Historically, two- and four-year institutions of higher learning have created family housing so that parents with dependent children can complete their degrees. In the 1950s and ’60s, for example, universities across the country received federal and state government loans to increase the number of dormitories to house military veterans returning to school with families.
The Village, 14 buildings that included 100-plus residents, was built in 1959 at the University of Mississippi. Over decades, with more modern housing options available around Oxford, occupancy declined. This summer, The Village had 30 occupied beds, and the housing units were closed altogether before the start of the fall semester.
“Before we decided to discontinue the facility, the interest in family housing decreased below 50 percent occupancy,” says Lionel Maten, assistant vice chancellor for enrollment management and housing at Ole Miss. “The houses were built to last their cycle. A lot of them are aging.”
Inadequate campus housing was an issue for Kayla Clark. In 2013, Clark enrolled at Delta State University in Cleveland to pursue a bachelor’s degree in science in nursing, traveling five hours every weekend to and from her hometown of Pelahatchie in Rankin County to see her infant daughter, Faith Daniella Clark.
“Delta State still operates its family houses,” Clark says, “but … it isn’t up to par.”
Clark considered moving her daughter closer to school, but realized Faith Daniella would be most comfortable at home with her “maw maw” and “granny,” Clark’s mother and grandmother.
As schools in the state continue to close family housing and renovate the buildings for other purposes, student parents must find off-campus — and often more expensive — rental apartments and rental houses.

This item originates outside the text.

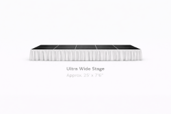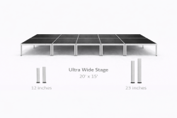 A sturdy, professional event stage measuring 20' x 15' and built to a 12" height, designed to host speakers, performers, presentations, or ceremony focal points with confidence. The stage is constructed from interlocking panels on a rigid aluminum frame and supported by adjustable legs for a level, wobble-free surface on most floors. Its low-profile 12" height makes it easily accessible for guests and performers while still providing clear sightlines for small to mid-size audiences. Use it as a dance platform, band riser, presentation stage, award stand, or ceremony altar; it accepts optional accessories like stairs, safety rail, and a pleated stage skirt for a finished, professional look. Quick to assemble and versatile in placement, this stage gives your event a dependable, clean surface that reads well on camera and in person.
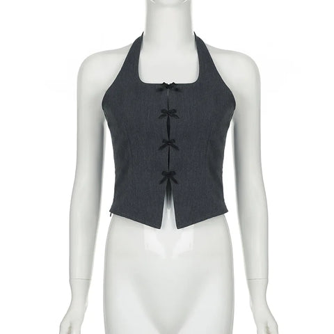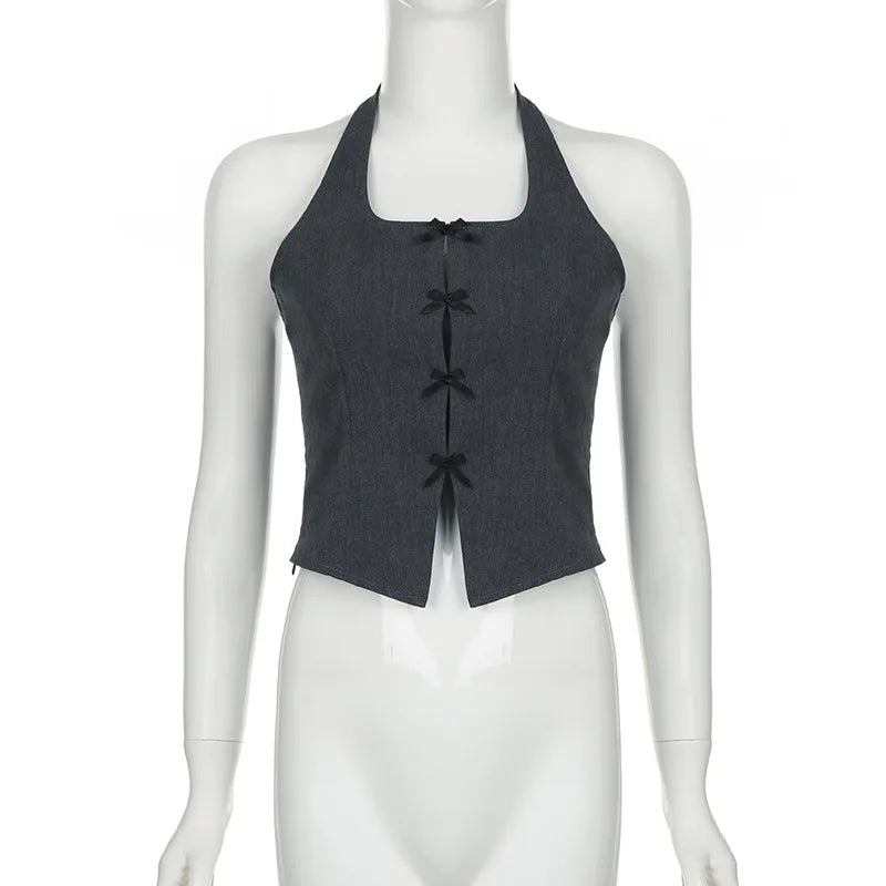 Reinvent your wardrobe with a bold piece from the early 2000s that is reborn in the modern era. Our gray sleeveless vest embodies the Y2K grunge style with a touch of sophistication. This top is designed to capture the essence of alternative chic and is a must-have for anyone daring enough to defy conventions. The fitted top is made from a soft, comfortable fabric and comes in a charcoal gray that reflects the urban and rebellious character of grunge. The front lacing with small ribbons adds a feminine and refined touch to the simple and clean cut. With a subtle slit at the front, this vest promises a provocative yet elegant look. Perfectly tailored to accentuate your curves, this vest features a stylish racerback and a crop top length that pairs wonderfully with high-waisted skirts or skinny jeans.

Kayenne Alves describes her education experience as tiring and stressful, but she was determined to work hard to create a better life for her son. Now a 9th-grade STEM teacher at Enterprise Attendance Center in Brookhaven, Alves tells her students that they can be “anything they work to be.”

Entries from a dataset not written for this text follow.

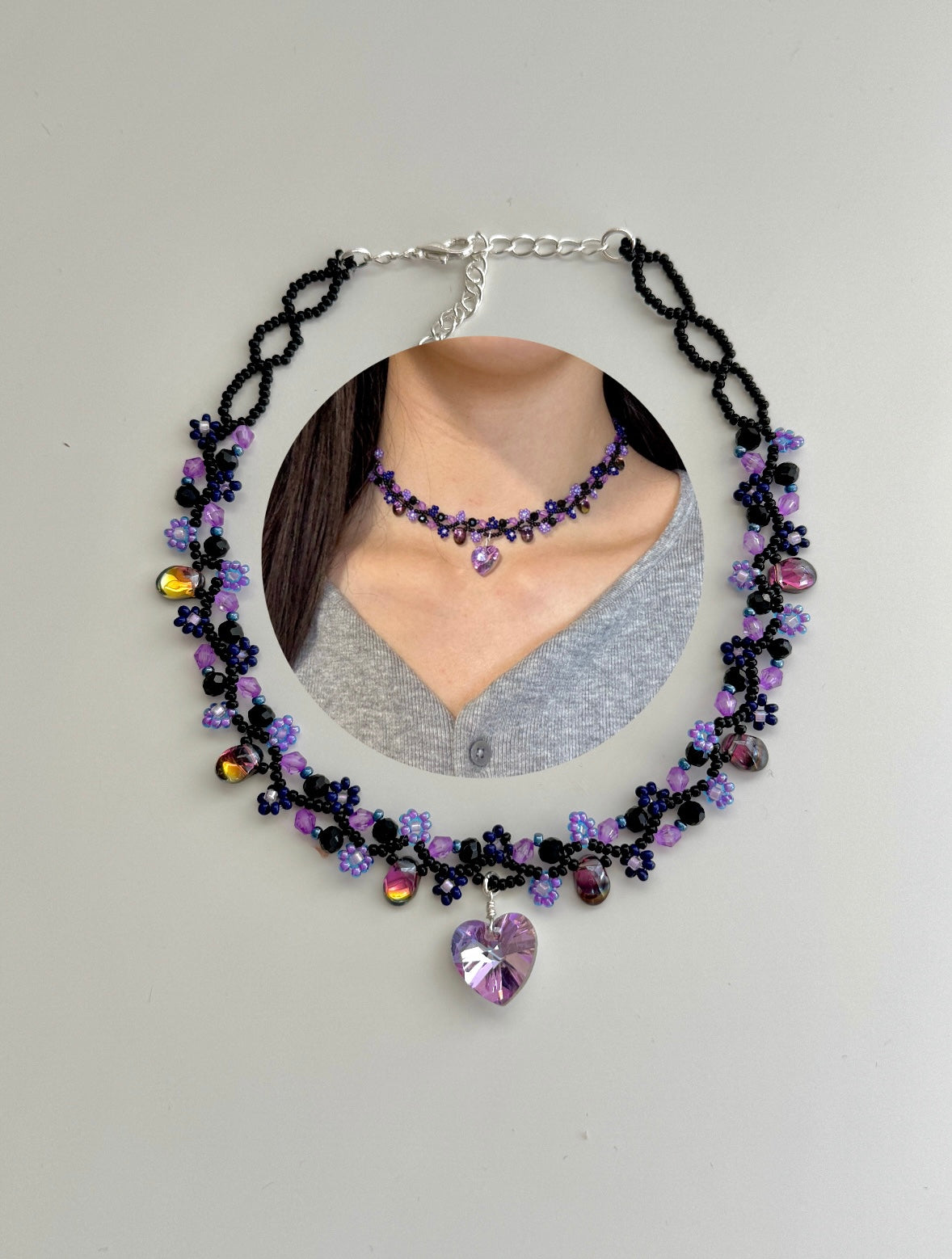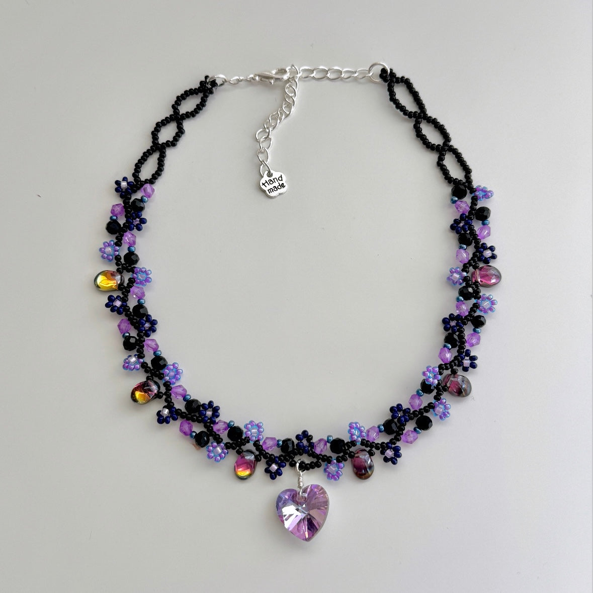 Materials used: stainless steel extension chain and clasp, crystal beads, pressed glass tear drop beads, Swarovski heart gem, miyuki seed beads.
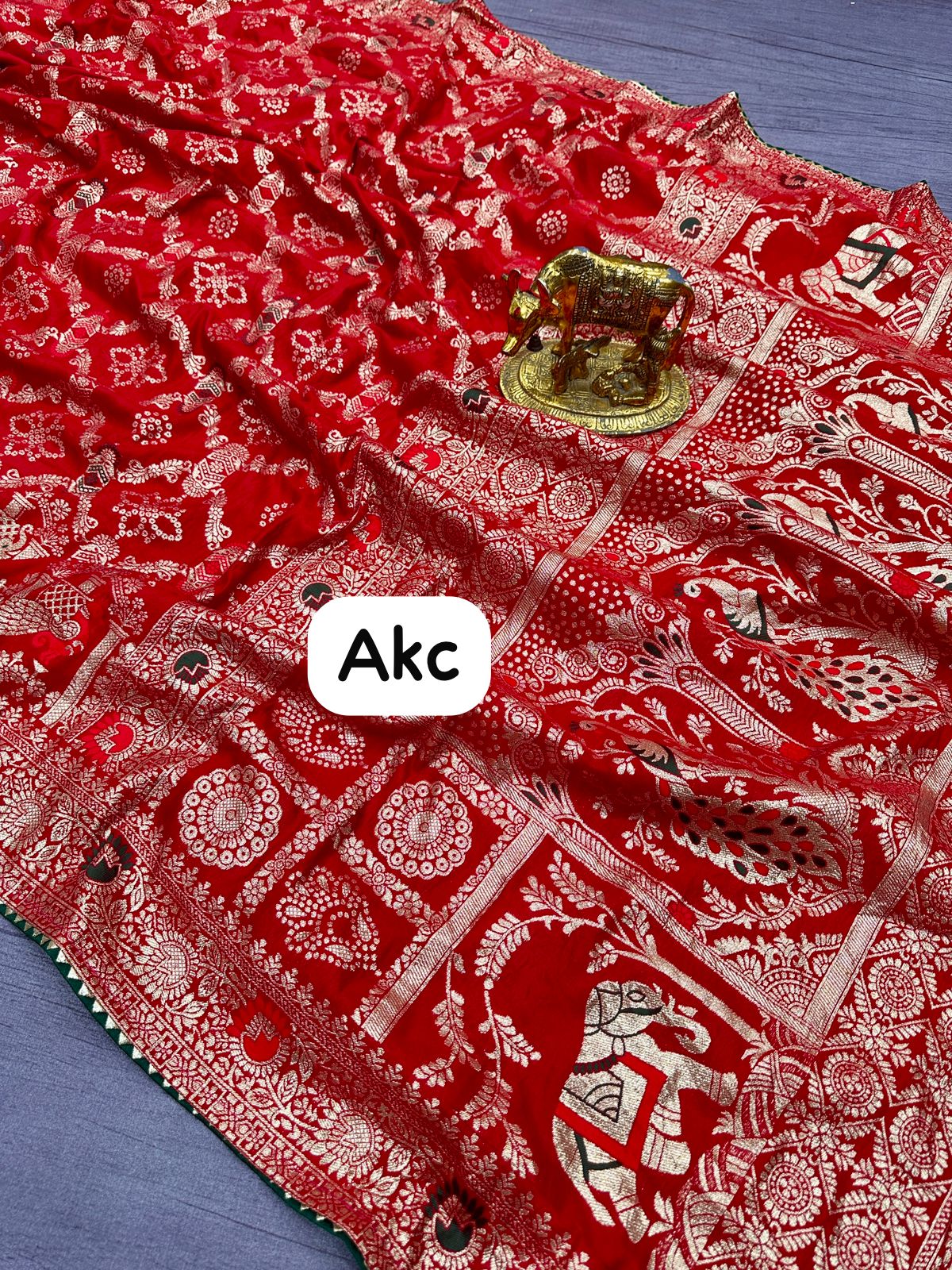 The saree features an intricate all-over flower bandhani design, which gives it a unique and classic look.
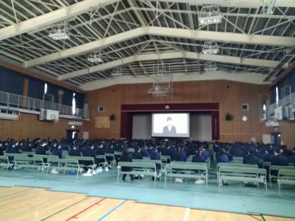 最後の学年集会は、3年生の先生方が作ってくださったムービーを鑑賞しました。1年生の入学式から3年生のこれまで、すべての行事等で見せてくれた笑顔等の「成長の足跡」を鑑賞しました。先生方のメッセージや、3年生の「合唱」も聞くことができました。合唱は、音楽の時間にみなさんが個別で歌った歌を繋ぎ合わせ、一つにした大作です。コロナ禍ではありましたが、すべての行事や授業に一所懸命に取組んだ74期生のみなさんや先生方の姿勢は、本当に素晴らしいです。
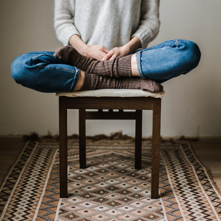 Feet in woollen socks. Woman is relaxing with a cup of hot drink and warming up her feet in woollen socks.

Kayla Clark graduated this month and prepares to take the license exam to become a registered nurse. She has received at least three offers of employment. Kendra Allison is scheduled to earn a master’s in social work next spring. Meanwhile, Allison prepares to take the law school admission test to fulfill her dreams of becoming a family lawyer.
Many student parents attribute much of their success to family and friends at home, but there are others who also understood the challenges of being a student parent and helped them along the way as well.
“I have to accommodate (student parents) because when I see good teachers in the making I need to do whatever I can do while they are able to have that balance of getting their education while also being parents,” says Victoria Johnson, an adjunct professor in early literacy at Jackson State University.
Johnson has allowed students to bring their dependent children to class in case they could not find child care during her night class.
“I have held my students’ children while they were presenting,” says Johnson. “These things may seem like a nuisance to some, but to me it’s a part of helping students be all that they can be.”